Notes for Language and Culture, Spring, 1999
 

Week 1.  Introduction to the field.  What makes language and culture different from other linguistic studies?  How does langsuage and culture fit in with other fields of anthropology?  Why do anthropology departments have a language and culture course?  How did early anthropology work in at the turn of the century influence the development of language and culture?

Outline notes for the lectures: Language and Culture notes, Week 1 and 2

I Introductory remarks, interests of Burns and DioNe in this field

A. The history of language and culture and other areas of cultural anthropology.

Language and Culture has been a core area of anthropology because anthropologists have always been expected to learn languages in the areas they work. In many cases, the languages that anthropologists work with are not written down or are not taught in settings like universities.

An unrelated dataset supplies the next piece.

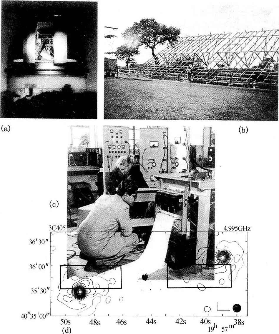 他从《大众天文学》杂志读到央斯基的射电噪音后,就开始研究它的细节。雷伯没受过多少科学教育,但那并不重要,重要的是他有良好的无线电工程训练和强烈的实践精神。凭他巨大的创造力和有限的积蓄,他靠自己的双手在母亲的后院设计制造了世界上第一台射电望远镜,镜面是直径30英尺(也就是9米)的盘子;他用它绘出了天空的射电图[图9.1(d)]。从他的图中可以清楚地看到,射电源除了我们银河系的中心区外还有两个,后来被称为CygA和CasA——A代表“最亮的射电源”,Cyg和Cas分别代表“天鹅座”和“仙后座”(Cassiopeia)。40多年的研究最终证明,天鹅A和许多随后发现的射电源,很可能是由巨黑洞提供能源的。
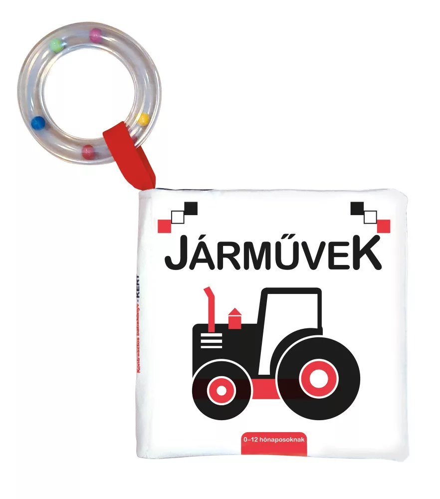 A Kontrasztos babakönyv – Járművek egy könnyű (mindössze 60 g), puha lapozó, amelyet kifejezetten az újszülöttek korlátozott színlátásához terveztek. A fekete–fehér–piros, nagy kontrasztú grafikák és a letisztult jármű-formák segítik a szem fókuszálását, serkentik a látásélességet és lekötik a baba figyelmét otthon, útközben vagy akár a babakocsiban lógva.

B. In my case, I learned Yucatec Maya, a language spoken in southern Mexico by about 500,000 people. My dissertation was on how the language is used in everyday life, especially how it is used to pass along historic information about Mayan culture.

C. Sybl DioNe has a career that includes criminal justice, receiving a Juris Doctor of Law, and now working on her Ph.D. in anthropology.  She has done fieldwork in Brazil and the United States and is interested in language and identity, experiences and contributions of native anthropologists, Diaspora studies, as well as race and ethnicity.

II. Language and Culture and other fields of anthropology

A. One way to understand the field of language and culture and the way we are teaching it in this course is to see how linguistic ideas have been used in the different sub-fields of the discipline of anthropology.
 

B.  Language and culture and linguistics. What are some of the differences between this field of language and culture and linguistics?